Maybe the Mouse was arrogant enough to think the same massive number of church-attending movie-goers (who went to see The Lion, the Witch & the Wardrobe in droves during Christmas 2005) would flock to see any Narnia film at any time of the year. Well... they didn't.
If you'll remember, we reported a few months ago about rumblings that Disney was pulling the plug on Narnia altogether following the forthcoming third installment The Voyage of the Dawn Treader - currently scheduled for May 7, 2010 release. We were reassured that the rumors were false, and ran a retraction on said article.
However only weeks later, word from the New York Comic-Con leaked that things were looking grim for Narnia after all with the earlier rumors reiterated (i.e. no more Narnia after Dawn Treader!)
Of course, the way things are looking, The Voyage of the Dawn Treader might be in trouble. Although it's currently in pre-production with filming expected to commence later this summer, there is a potential Screen Actors Guild strike making matters worse. However if it comes to that, this could end up being a blessing in disguise for Disney.

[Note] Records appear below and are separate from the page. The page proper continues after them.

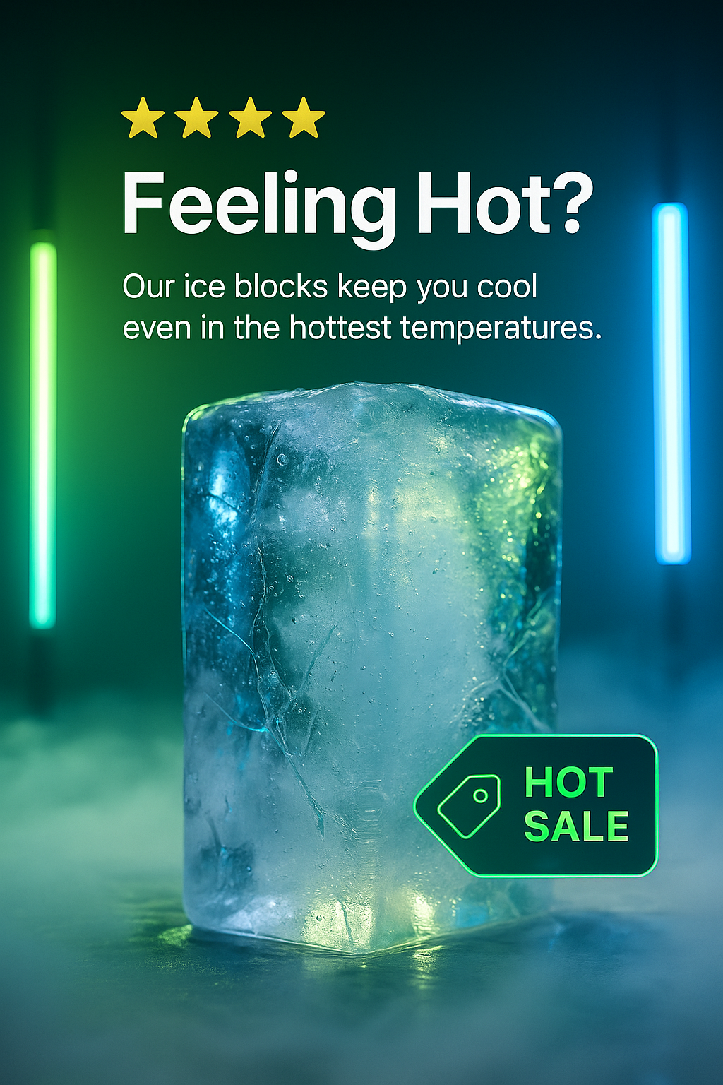 A vibrant carousel slide featuring a glowing ice block amidst neon lights. The design showcases a bold headline, rating stars, and a 'Hot Sale' tag, all set in a misty background.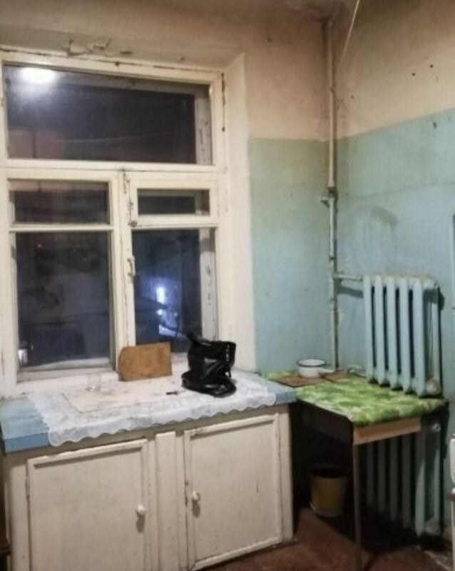 Αυτή τη φωτογραφία τη βγάλαμε όταν ο τοίχος ήταν ακόμα συνδεδεμένος με το μπάνιο. Η κουζίνα ήταν σε φρικτή κατάσταση: ένας άχρηστος νιπτήρας, μεταλλικά ράφια για τα πιάτα και πλακάκια σοβιετικού τύπου. Ήταν προφανές ότι οι ανακαινίσεις είχαν γίνει στην εποχή της Σοβιετικής Ένωσης.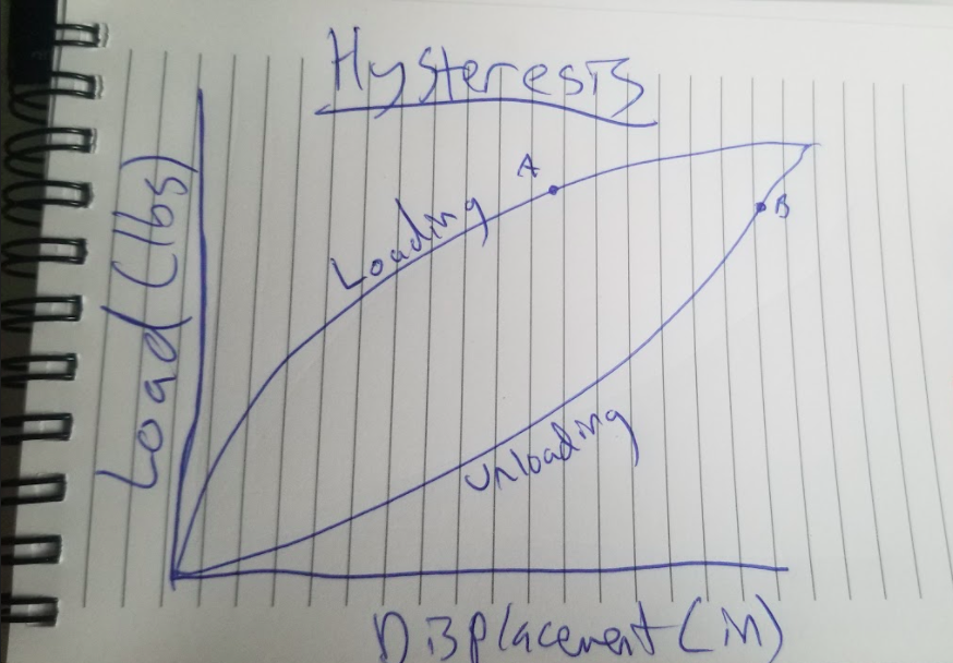 Essentially, what it describes is how, when you load up a system, you may get a certain displacement, but when you remove that same load from the system, it won't necessarily return to its starting point due to losses from friction. So you can have an instance where the exact same weight in a truck bed gives you two different displacement readings from the ride height sensors (illustrated by A and B above, though the curve above isn't representative of the system, it's just there to illustrate a concept). So how do you come up with a good correlation between ride height and load? Well, you have to consider time.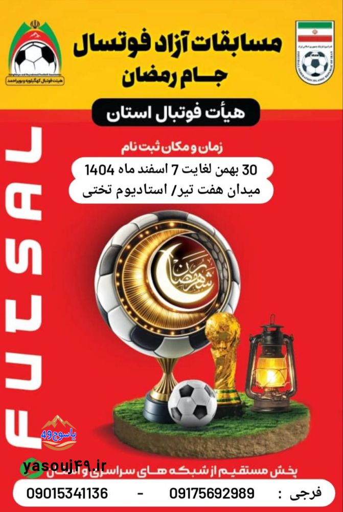 به گزارش یاسوج ۴۹_به همت هیئت فوتبال استان کهگیلویه و بویراحمد و کمیته فوتسال این هیئت مسابقات بزرگ آزاد فوتسال جام رمضان در یاسوج مرکز استان برگزار میشود.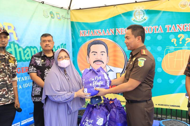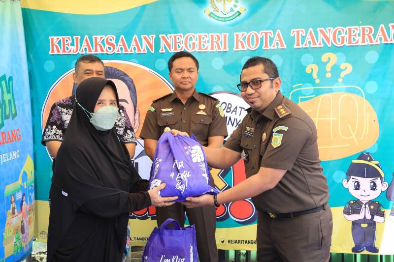 Bulan Ramadan menjadi ajang kesempatan berkolaborasi memberikan kebaikan. Memasuki paruh kedua bulan Ramadan, Dinas Perindindustrian, Perdagangan, Koperasi, dan UMKM (Disperindagkop UMKM) bersama Kejaksaan Negeri (Kejari) Kota Tangerang, menggelar Bazar Ramadan di halaman Masjid Baitul Muttaqien, Karawaci Baru, Kota Tangerang, Kamis, (6/4/23).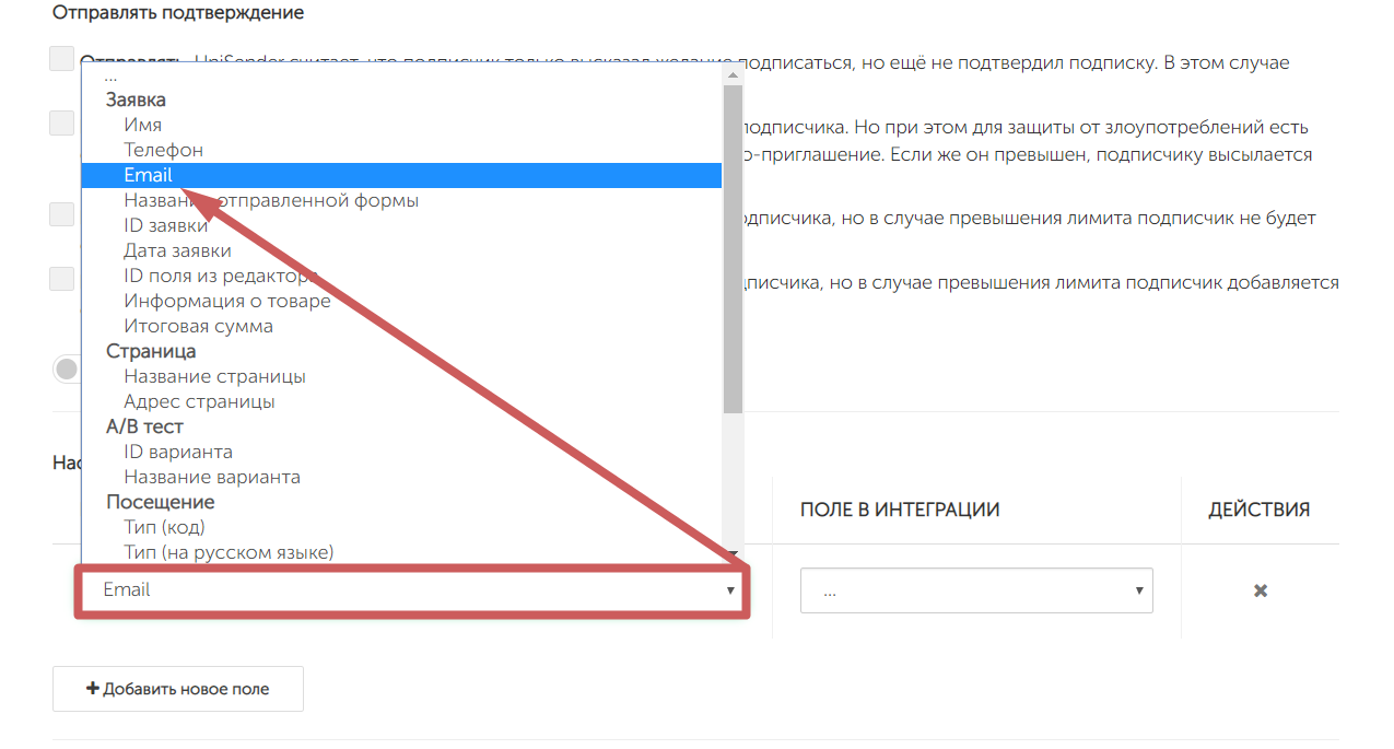 После добавления - нажимаем на поле слева и выбираем, какое именно поле хотим передать. Например, если мы хотим передать email нашего клиента, который он укажет в форме - выбираем поле «Email »:

The further they get into adapting the C.S. Lewis novels, the more expensive these productions will be. And if the Narnia films continue to under-perform (like Prince Caspian currently is), there will simply be no real profit in it for Disney.
Further more, if they even make Dawn Treader at this point (which is still up in the air), it will no doubt be moved from its current May 2010 release to Christmas of that year, where it will face competition from Harry Potter & the Deathly Hallows - Part I.
All in all, it's just not a good time to be a Narnia fan.